Microbial Program at JGI-Home

Assembly

Microbial genome production assemblies are straightforward when libraries and sequences of high quality are available. Considerable effort was spent initially on improving the library construction process, in particular for long mate pair libraries. The key challenge for microbial genome assembly is posed by scaling to accommodate the very large number of genomes that will be sequenced over the next several years. In order to address this challenge, we have pushed microbial genome assembly "upstream" into the sequencing production area, so that these assemblies are carried by the QA/QC team. This change takes advantage of the extensive expertise of the QA/QC team in efficiently analyzing very large numbers of data sets, as the group is responsible for QC and analysis of every library produced for all science programs. In order to support analysis of thousands of libraries per year, the QA/QC team has developed a data processing framework to support automatic analysis and assembly. The Microbial Program produces a variety of products (single cell, isolate quick draft, isolate high quality draft, etc.) and pipelines have been developed to automatically assemble projects of each type. For single cells, software was developed to address sequence coverage bias and contamination expected in this type of project. After pre-filtering, single cell sequence data is assembled using the Velvet and Allpaths-lg assemblers with the results merged to form a final consensus assembly. Standard microbial genomes are assembled using Allpaths-lg which produces assemblies with very good contiguity and high consensus accuracy.

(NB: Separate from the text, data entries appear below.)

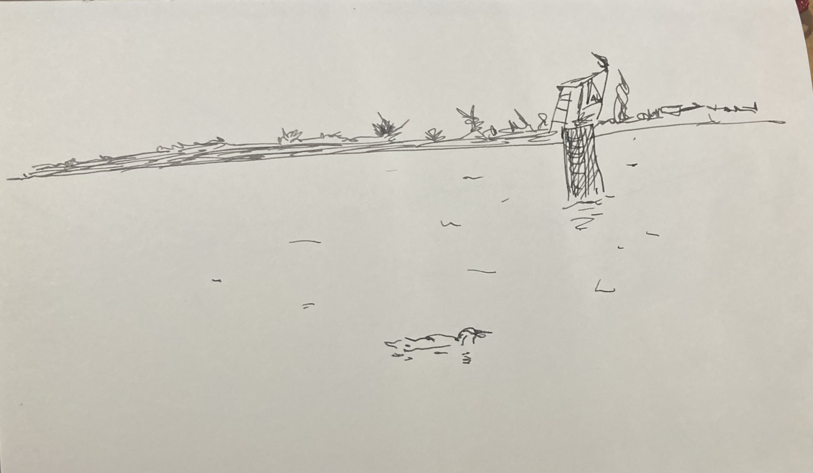 There was no way I was going to find somewhere to eat with the gathering throngs so I went out on the balcony at the Tides inn to do a sketch or two… A loon was fishing near the dock. Loons had been calling across the Bay when we set her ashes down in Maine. It closed the circle a bit.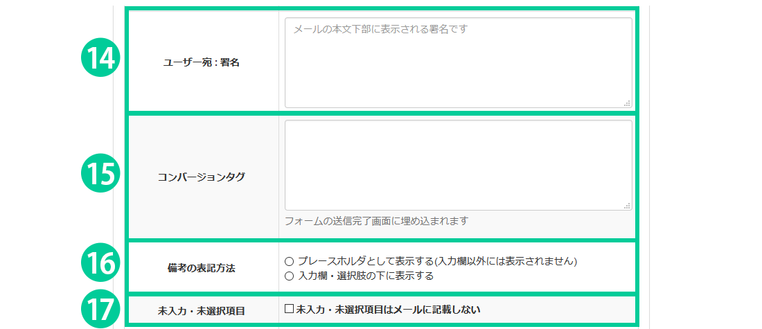 17.未入力・未選択項目をメールに記載しない場合は選択します。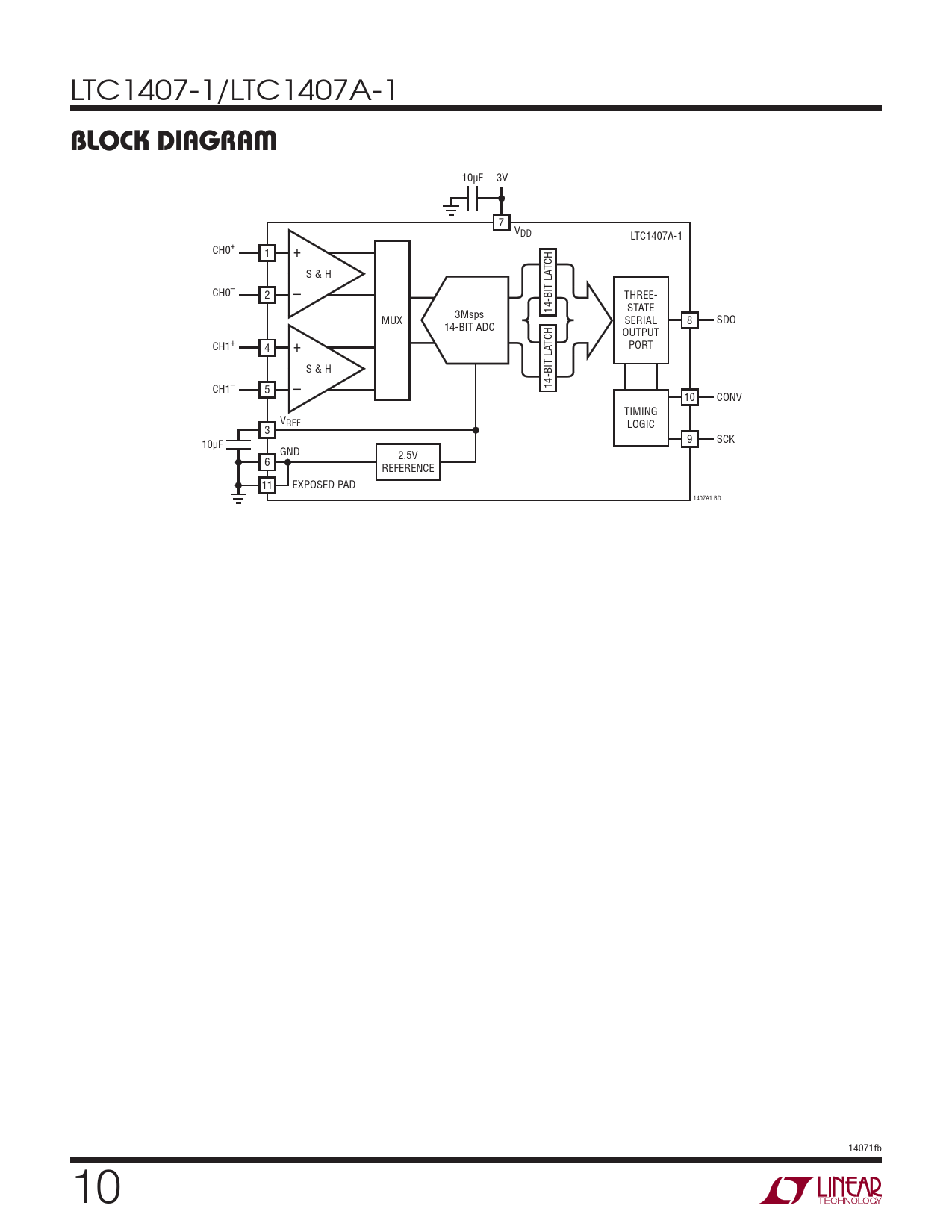 10μF 3V 7 VDD LTC1407A-1 CH0+ 1 + TCH S & H CH0– 2 – THREE- 14-BIT LA STATE 3Msps MUX SERIAL 8 SDO 14-BIT ADC OUTPUT CH1+ TCH 4 + PORT S & H CH1– 14-BIT LA 5 – 10 CONV TIMING VREF LOGIC 3 9 SCK 10μF GND 2.5V 6 REFERENCE 11 EXPOSED PAD 1407A1 BD 14071fb 10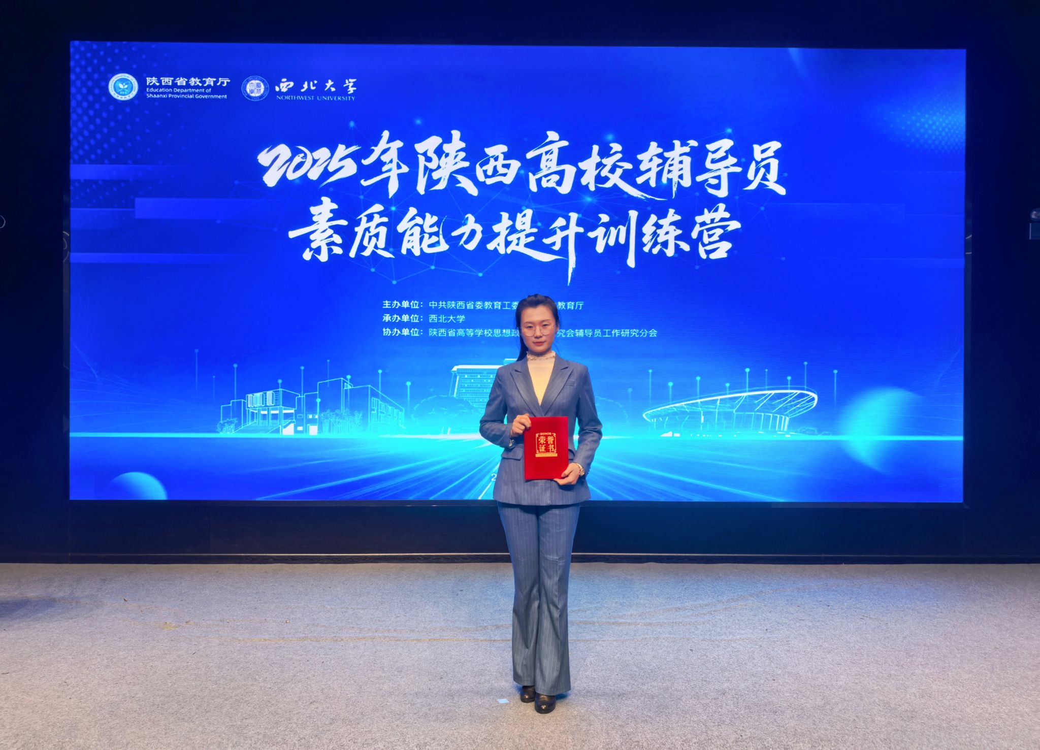 11月5日至7日,由省教育厅主办的2025年陕西省高校辅导员素质能力提升训练营在西北大学长安校区举办。新葡交通运营服务系辅导员康馨月在全省135名参赛辅导员中脱颖而出荣获“最佳风采奖”。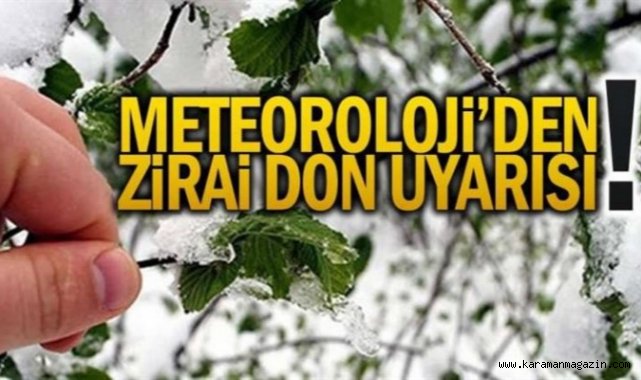 Bugünden (Çarşamba) itibaren yağışlı ve bulutlu hava şartlarının bölgemizi terk etmesiyle birlikte, minimum sıcaklıkların düşmesi sonucunda bölgemizde (Konya, Karaman, Aksaray, Niğde) gece ve sabah saatlerinde don olaylarının görüleceği tahmin ediliyor. Zirai faaliyetlerin devam ettiği bölgelerde çiftçilerimizin ve ilgililerin dikkatli ve tedbirli olması gerekmektedir.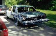 Building this car was an easy task as I already knew just about every inch of her. The rug was so messed up, that we ended up pulling it up in clumps rather than cutting it out. We also discovered that the quarter panels were VERY rusted under the chrome trim. The bottoms of all the doors and fenders were literally gone. This would weaken the sides considerabley down the line. One interesting and morbid and very questionable find was the in the rear seat. I ripped out the back seat cushions and proceeded to cut the seat covers off of them so that I could use the foam elsewhere and I discovered that both cushions had a massive blood stain on the inside! It was as if someone had bled quite a bit back there at some point in the car's long history. The stain was were the small of your back would be and flowed down. It was pretty freaky! Tim had no idea where it came from either! Something negative happened in that old car. It's funny. You own a car for X amount of years (Tim owed it since '90 or '92) and no one ever had any ideas what secrets it still held. I built the car utilizing some new ideas, such as hammering the trunk and quarters, and I had a new way to chain the tank on. I started smashing a grip into the hood to open it (I had neglected to do this over the years and ended up slicing my hands up every time I went to open the hood). I reinforced the seat as the seat was in pretty sad shape. The car was brutal. With a small tap on the gas pedal, I easily left 20 feet of rubber.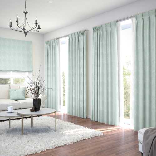 【イージーオーダー】遮光3級 エレガンス 光沢感のある生地にクラシカルな模様の形状記憶付 PSD4020(ブルーグリーン)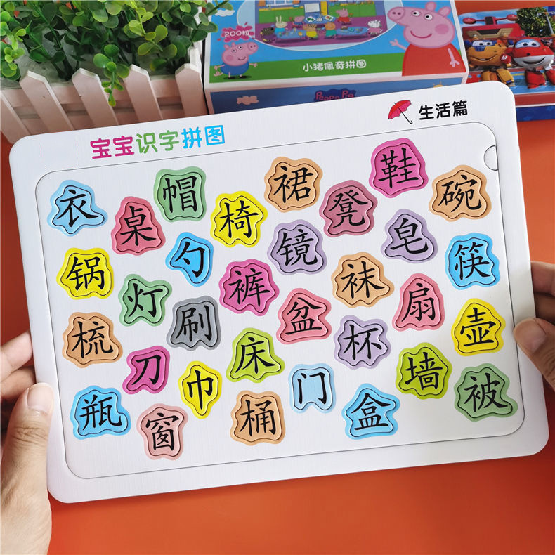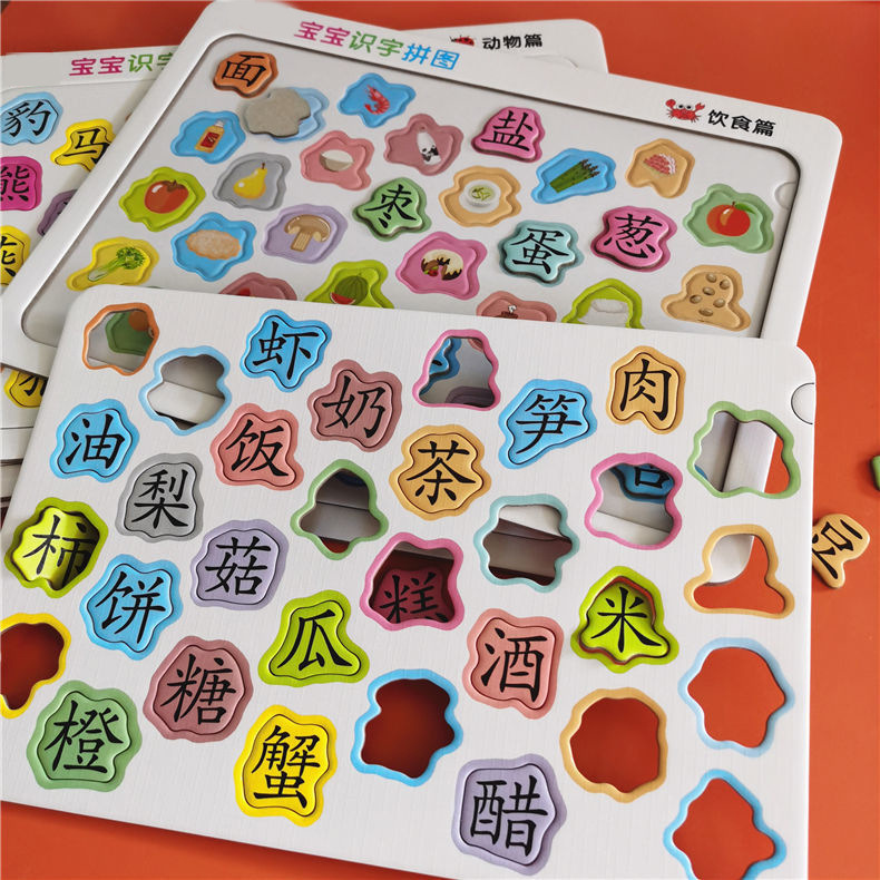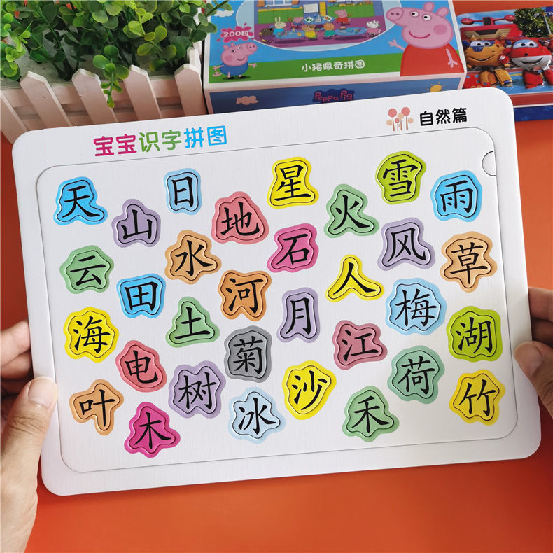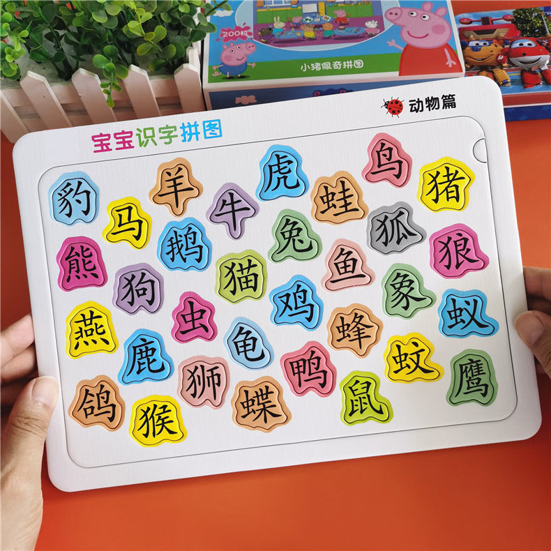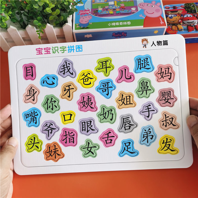 아기 유아 조기교육 문해력 퍼즐 한자 인식 카드 3~4세~6세 어린이 교육용 장난감 3세 어린이를 위한 병음 학습 카드

Microbial genome R&D assembly efforts involve continuous testing of new assemblers and scaffolding tools appearing in the literature, and assembly of data sets produced by the R&D group resulting from new protocols such as long mate pairs, new versions of Illumina chemistry, etc. Results and recommendations of these analyses guide changes in production protocols and assembly strategies.

Microbial genome finishing efforts focus on speeding up the finishing process, reducing cost, and integrating PacBio data. The finishing pipeline includes five major modules covering QC, assembly integration, repeat resolution, gap closing, and reporting. In order to reduce costs, repeats of known function, rRNAs and transposons, which are on average more than half of the repeats in bacterial genomes, will not be finished to base pair perfect. Instead a consensus is generated and placed into proper locations. Other gaps, unique or repetitive, will be finished with additional coverage from sequencing amplicons with PacBio during gap closure. Only microbial genome projects of high quality draft are considered for finishing.